- [Data under study]:
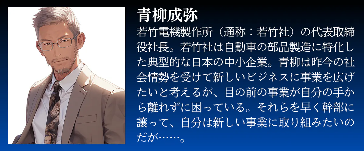 若竹電機製作所の社長、青柳成弥が、未知のAI「ChatGPT」を組織の成長の鍵として捉える物語。青柳は、ChatGPTの力で時間やコストを節約し、新たなビジネスの扉を開くことに挑戦します。彼のビジョンは、AIと人間が共に新しい価値を創出する未来を目指しています。
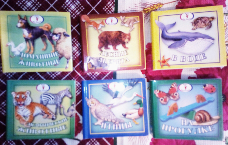 Эти книжки-раскладушки или ширмочки лежат у нас там,где и малютки,поэтому и о них пара слов.Конечно,с их приобретеним я запоздала.и в них уже не играем,а читать там нечего.Так младшие "пыкали" слова.Теперь только если в сочинение историй можем поиграть.Пусть лежат до внуков))
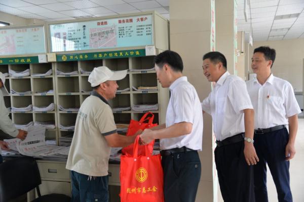 炎炎夏日,驕陽似火。7月27日一大早,隨州市委常委、組織部長、總工會主席甘國棟專程來到隨州郵政分公司,看望慰問在高溫下堅守一線的郵政職工,給他們送來清涼消暑慰問品,代表市委、市總工會向奮戰在高溫一線的廣大郵政職工表示慰問和感謝。市總工會副主席錢玉梅、經審委主任徐秀清一同慰問。
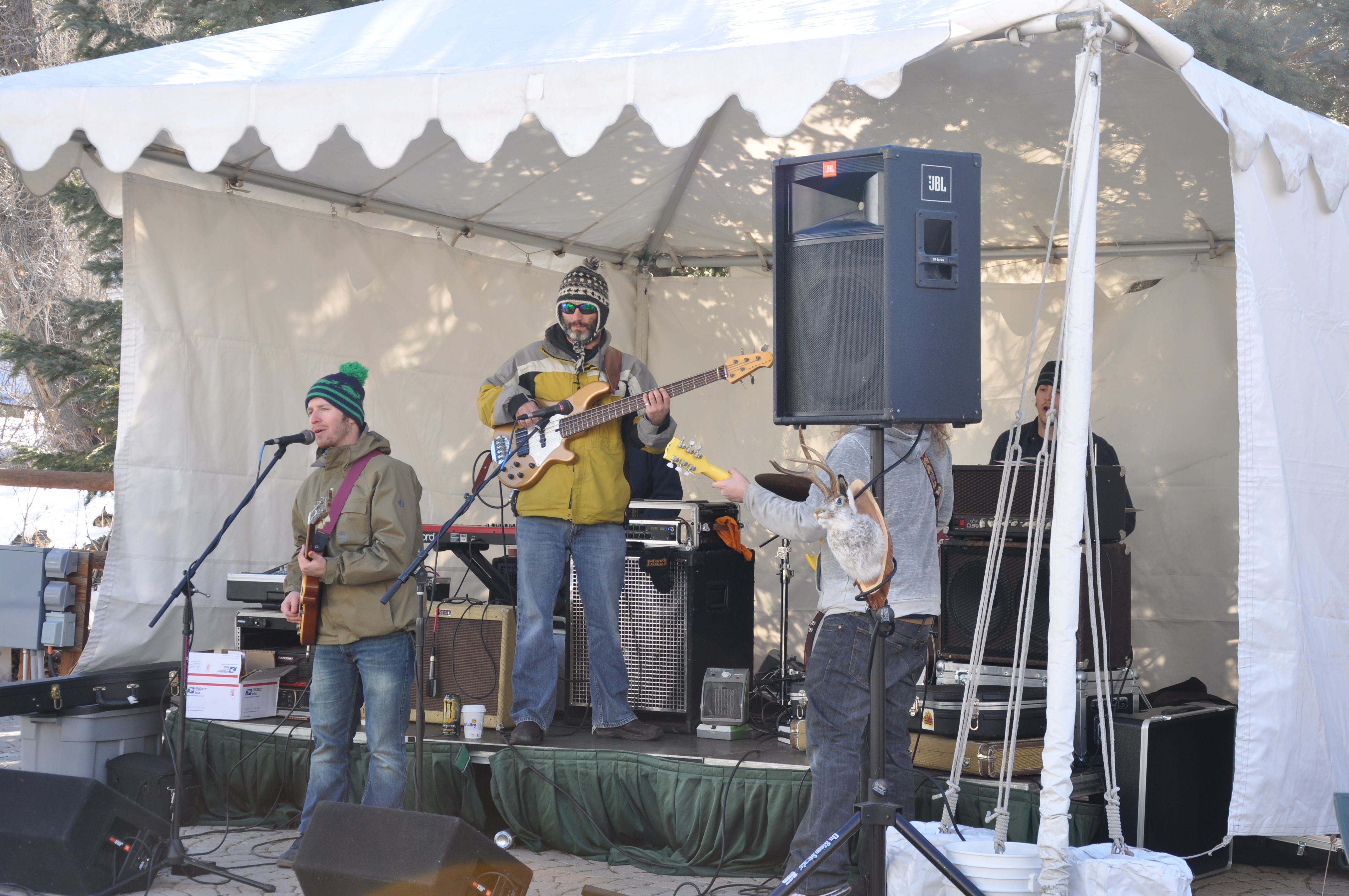 This shot was taken outside Warm Springs during an apres-ski outdoor concert. Note the retro plastic shades, Sorels, trucker hat (these only work in ski towns, fyi) and retro can of Coors.
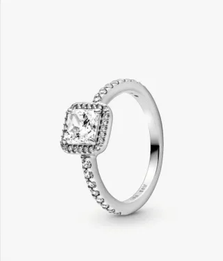 Conjunto de anillo y pendientes a juego, de la marca PANDORA, en perfecto estado. Diseño en plata de 1⁰ ley con circonitas cúbicas. Talla del anillo: 48 (15,3 mm)
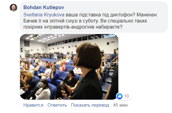 Сегодня работник "Громадського ТБ" Bohdan Kutiepov публично оскорбил нашего журналиста. Назвал ее "манекеном", "подставкой под микрофон", "андрогином" и призвал "нещадно пиздити" всех журналистов проектов, в которые Кутепова никогда не возьмут на работу, потому что у него начался период профессионального выгорания. Он уже не станет политиком, и ему уже поздно в активисты.
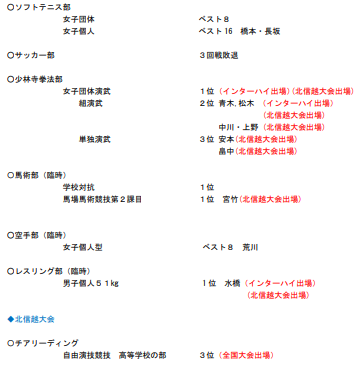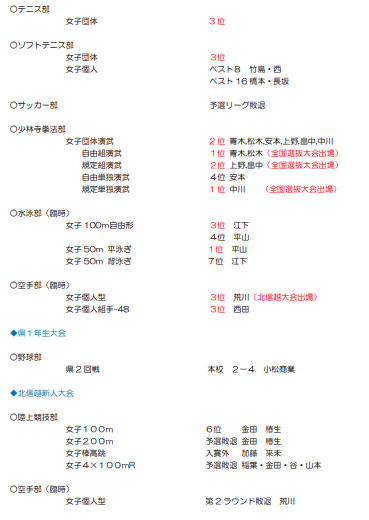 なお、各部活動の大会結果については、後日、改めて掲載いたします。
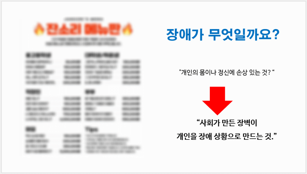 장애 상황은 사회가 만든다고 강조하고 싶었고
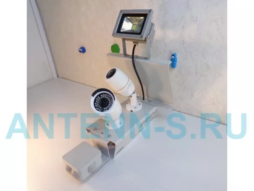 - Допускает установку двух камер наблюдения и прожектора.
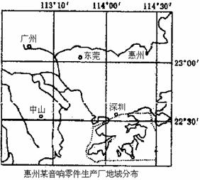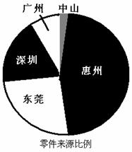 (6分)读“惠州某音响零件生产厂地域分布图”及“零件来源比例图”,回答有关问题:
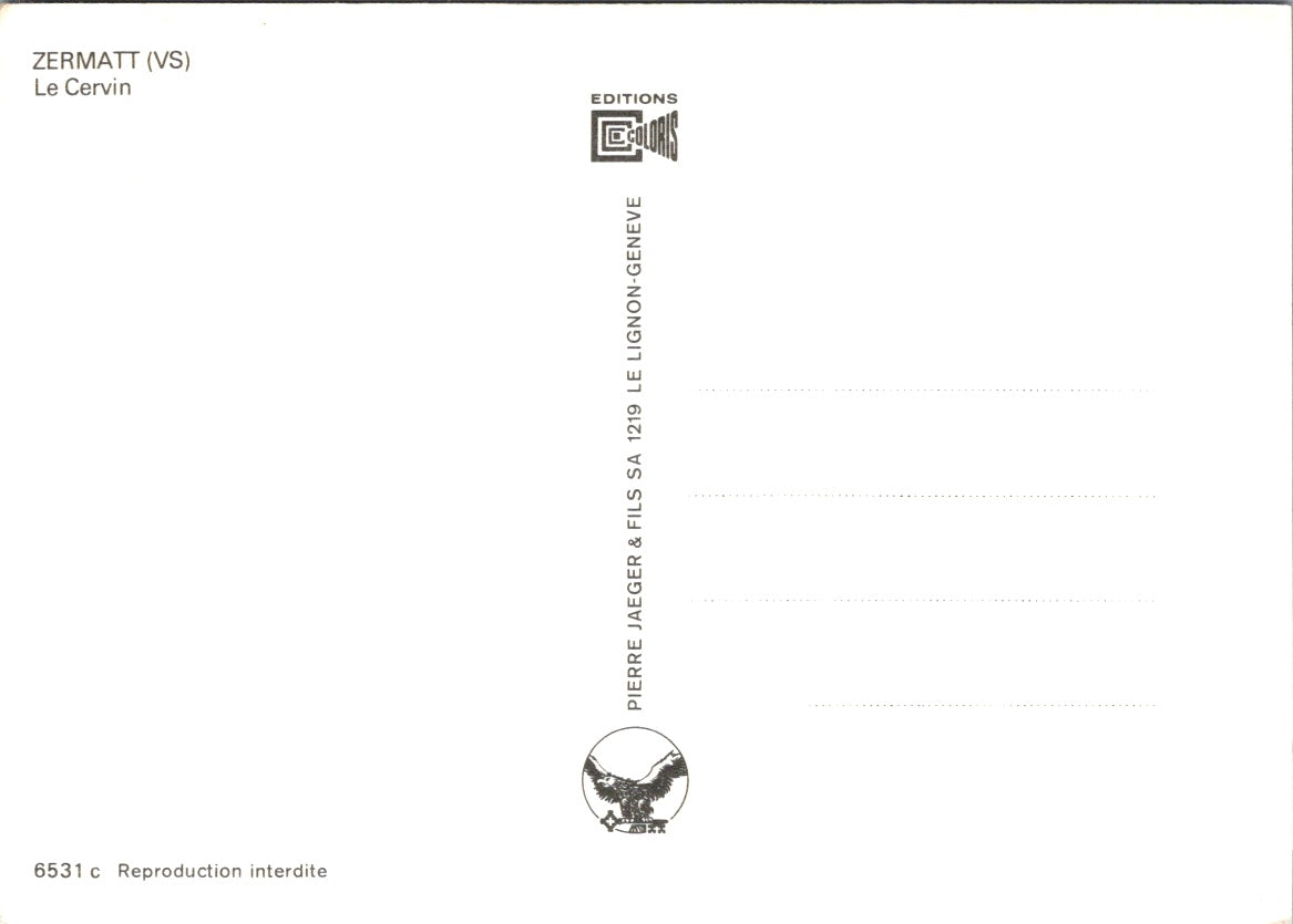 Vintage Postcard Zermatt Le Cervin Switzerland Unposted
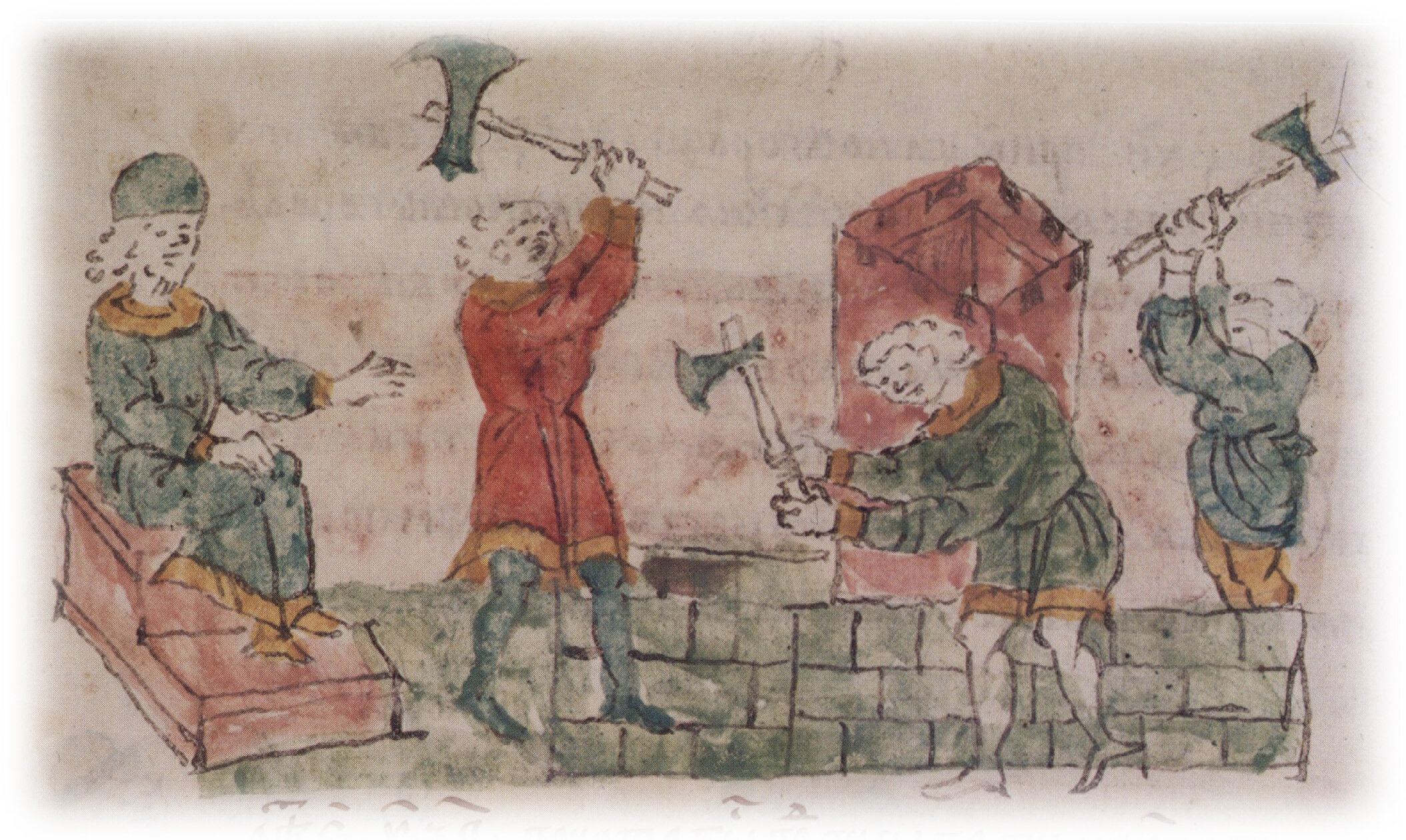 Тайное погребение Владимира Святославича, умершего в Берестове: спуск его тела на землю на ковре между разобранными клетьми здания; положение тела Владимира в мраморный гроб в церкви Святой Богородицы.
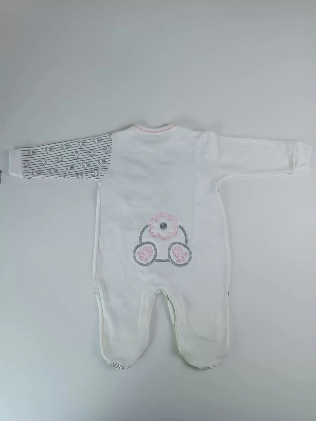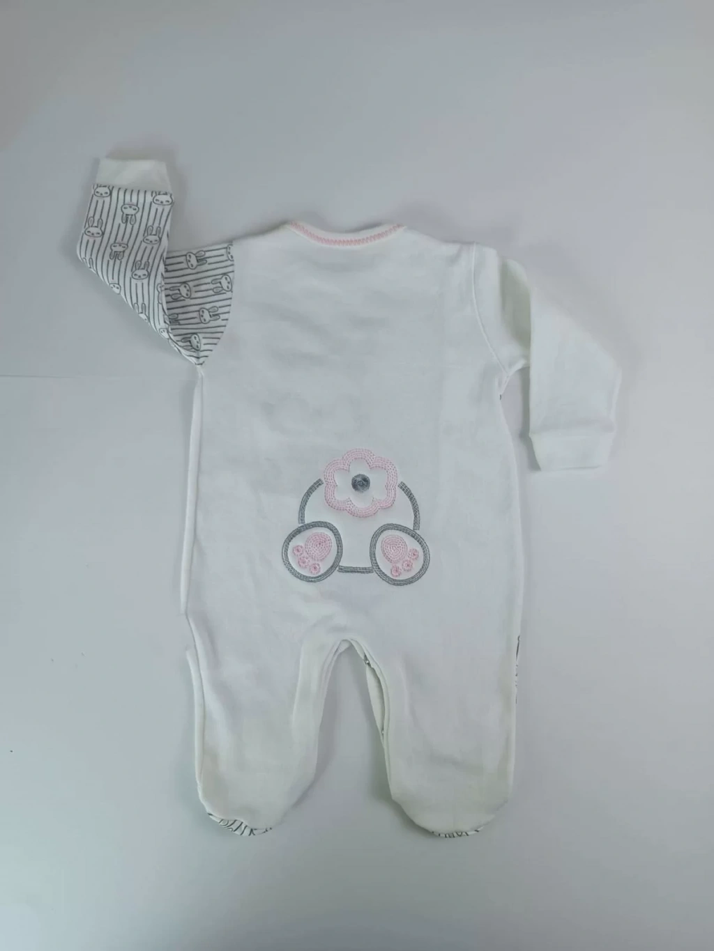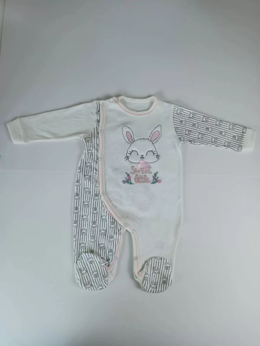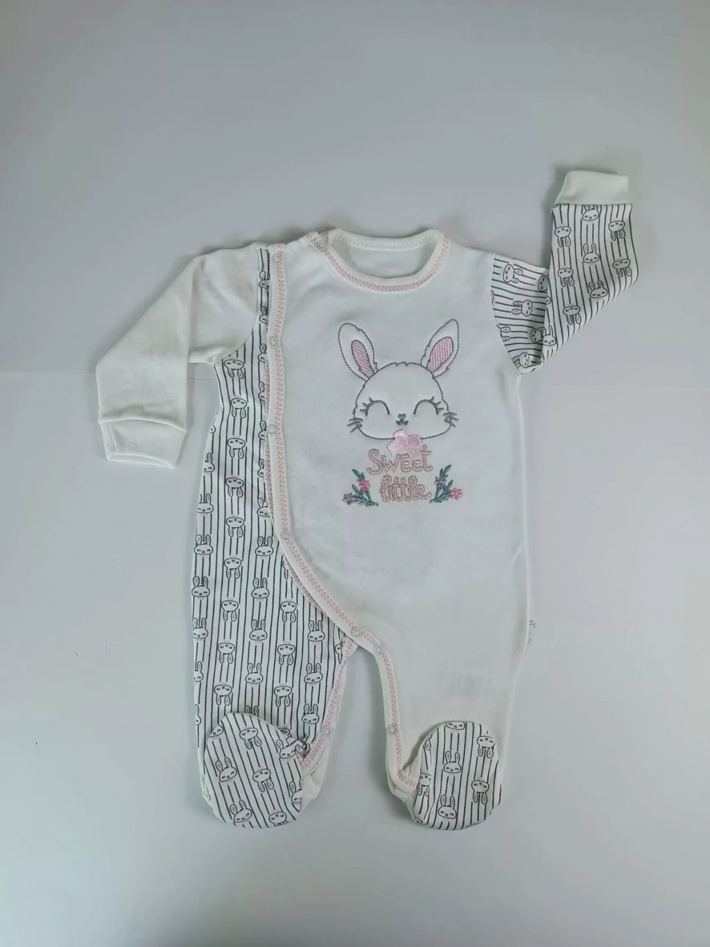 0-3 3-6 Ay Minik Tavşan Nakışlı Boydan Çıtçıt Kapamalı Kız Erkek Bebek Tulumu Ekru

- [Work item]: The required output is every line from the beginning of the material above through the line with "炎炎夏日,驕陽似火。7月27", exact and without pictures.

- [Output]:
 若竹電機製作所の社長、青柳成弥が、未知のAI「ChatGPT」を組織の成長の鍵として捉える物語。青柳は、ChatGPTの力で時間やコストを節約し、新たなビジネスの扉を開くことに挑戦します。彼のビジョンは、AIと人間が共に新しい価値を創出する未来を目指しています。
 Эти книжки-раскладушки или ширмочки лежат у нас там,где и малютки,поэтому и о них пара слов.Конечно,с их приобретеним я запоздала.и в них уже не играем,а читать там нечего.Так младшие "пыкали" слова.Теперь только если в сочинение историй можем поиграть.Пусть лежат до внуков))
 炎炎夏日,驕陽似火。7月27日一大早,隨州市委常委、組織部長、總工會主席甘國棟專程來到隨州郵政分公司,看望慰問在高溫下堅守一線的郵政職工,給他們送來清涼消暑慰問品,代表市委、市總工會向奮戰在高溫一線的廣大郵政職工表示慰問和感謝。市總工會副主席錢玉梅、經審委主任徐秀清一同慰問。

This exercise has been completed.